Cela ne signifie pas que l'avion est en danger imminent. Cela signifie que l'équipage souhaite que le système soit entièrement opérationnel et ne veut pas négocier à ce sujet. La déclaration d'Alaska Airlines a précisément établi cette distinction.
Un détail souvent répété est erroné et mérite d'être corrigé : l'incident ne s'est pas produit au milieu de l'Atlantique. L'avion n'a jamais entamé la traversée. Le virage a eu lieu au-dessus de l'Angleterre, et l'urgence a été déclarée lors de son retour au-dessus des côtes françaises – ce qui explique précisément pourquoi l'équipage avait la possibilité de rejoindre un grand aéroport européen avec une autonomie de cinq heures en carburant.

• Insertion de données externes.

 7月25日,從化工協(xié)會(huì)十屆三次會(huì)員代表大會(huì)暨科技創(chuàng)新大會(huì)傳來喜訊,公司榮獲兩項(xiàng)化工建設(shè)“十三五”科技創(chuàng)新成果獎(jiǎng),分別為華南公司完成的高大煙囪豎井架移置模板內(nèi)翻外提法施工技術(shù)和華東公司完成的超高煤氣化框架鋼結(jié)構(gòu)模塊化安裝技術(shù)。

Pourquoi cela a pris cinq heures et demie
Un 787-9 qui vient de faire le plein pour un vol transatlantique de dix heures est bien trop lourd pour atterrir. La masse maximale à l'atterrissage est largement inférieure à la masse maximale au décollage, et la différence correspond au carburant.
L'équipage a donc procédé comme à son habitude : il s'en est débarrassé. Des passagers ont décrit avoir vu de la vapeur s'échapper des ailes, et une hôtesse de l'air a expliqué que le carburant devait être largué au-dessus de l'eau plutôt que de la terre. Le 787 est équipé d'un système de largage de carburant, et la trajectoire était compatible avec un largage délibéré avant l'approche.

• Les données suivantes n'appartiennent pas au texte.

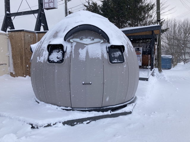 こんにちは。 建築課の濱田滉大です。 青森では年末年始から引き続いてすっかり雪模様の毎日が続いております^^;この影響で旭工務店もそうですが、運送や移動に影響が出ています!こうなると全国の皆様は「雪は大丈夫なの?」と思われているかもしれないが、全然大丈夫ではありません(笑) 事務所に積もった雪の高さですが、私の身長よりも高いので3mくらいの高さはあります(;^ω^)そんな年末年始の青森の雪にも負けなかった「EZ DOME HOUSE」は本日も展示されています(^^)/ 雪まみれではありますが(笑)カタログ上は青森の雪にも耐えれる構造にはなっていたのですが、去年から設置して初めての冬だったので若干の不安がありましたが、無事青森の雪にも耐えれることが実証出来ました!冬の屋外に出しているのである意味実験環境としてはこの上ないです(笑) 旭工務店の前を通過する際は青森市内側からも弘前側からもよく見えるので通りかかる方は「なんだコレ?」という顔で見られて行きます(笑)ご興味のある方はぜひお気軽にご相談ください! ご予約やお問い合わせは→TEL 017ー788-2266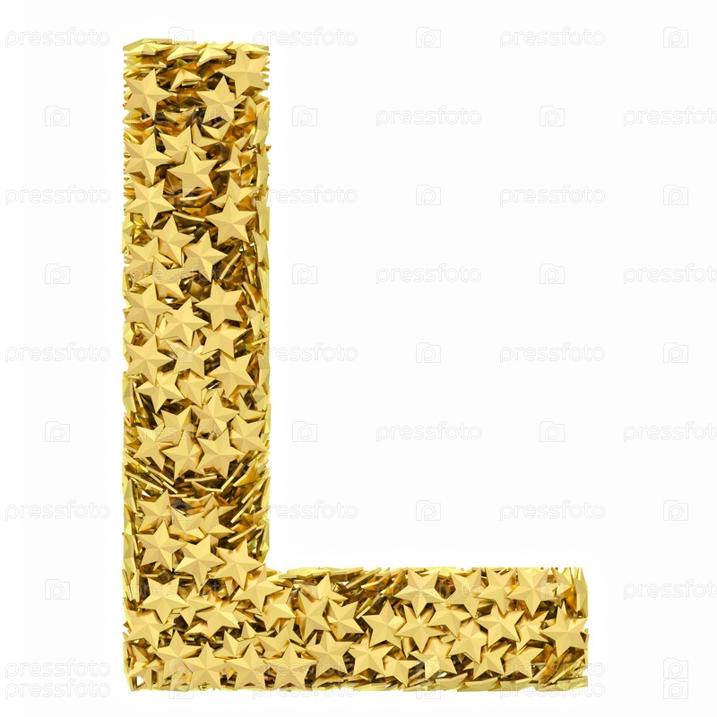 Буква L из золотых звезд, изолированная на белом. 3D-изображение высокого разрешения

Cela explique la majeure partie du temps écoulé. Selon la compagnie aérienne, l'incident a été résolu au sol et non en vol.
La cause, et ce que nous ignorons
L'explication concernant les vibrations du moteur provient d'AirLive, qui l'a rapportée dimanche soir et qui a été la source de pratiquement tous les témoignages ultérieurs. Alaska Airlines ne l'a pas confirmée. Personne n'a déclaré qu'un moteur avait été arrêté, et rien dans les documents publics ne corrobore le terme “ panne ”.”

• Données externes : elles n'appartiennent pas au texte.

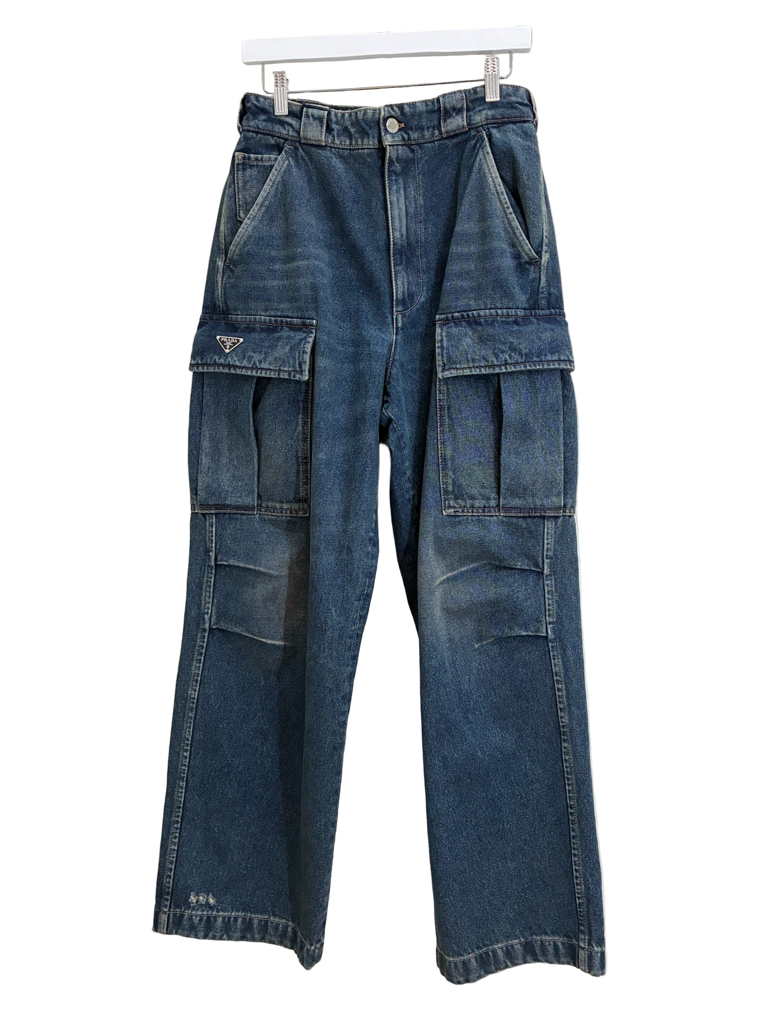 The design features a mid-rise waist and wide straight-leg cut, giving the piece a casual yet refined drape. Distressed fading throughout adds subtle texture and depth, while oversized cargo pockets on both thighs provide a bold, practical element. The signature Prada enameled triangle logo is discreetly placed on the left cargo flap, serving as a hallmark of understated sophistication.

Les vibrations des moteurs d'un bimoteur sont un phénomène normal, non une catastrophe. Elles sont surveillées en permanence, leurs limites sont définies et leur dépassement justifie pleinement l'arrêt de la traversée de l'océan à plus de 6 400 kilomètres de là. Le 787-9 est équipé de deux moteurs GE GEnx-1B et est certifié pour traverser cet océan avec l'un d'eux ; toutefois, la certification ETOPS représente une marge de sécurité à préserver, et non à réduire.
Le N780HA est l'un des cinq seuls 787-9 exploités par Alaska Airlines, tous hérités d'Hawaiian Airlines après la fusion de 2024 et repeints aux couleurs de la nouvelle livrée Global d'Alaska Airlines. La liaison Rome-Seattle a été inaugurée en avril en tant que service saisonnier quotidien jusqu'à fin octobre. L'appareil devrait subir des inspections techniques avant sa remise en service.
Sources : AirLive, FOX 13 Seattle, IBTimes UK, Simple Flying.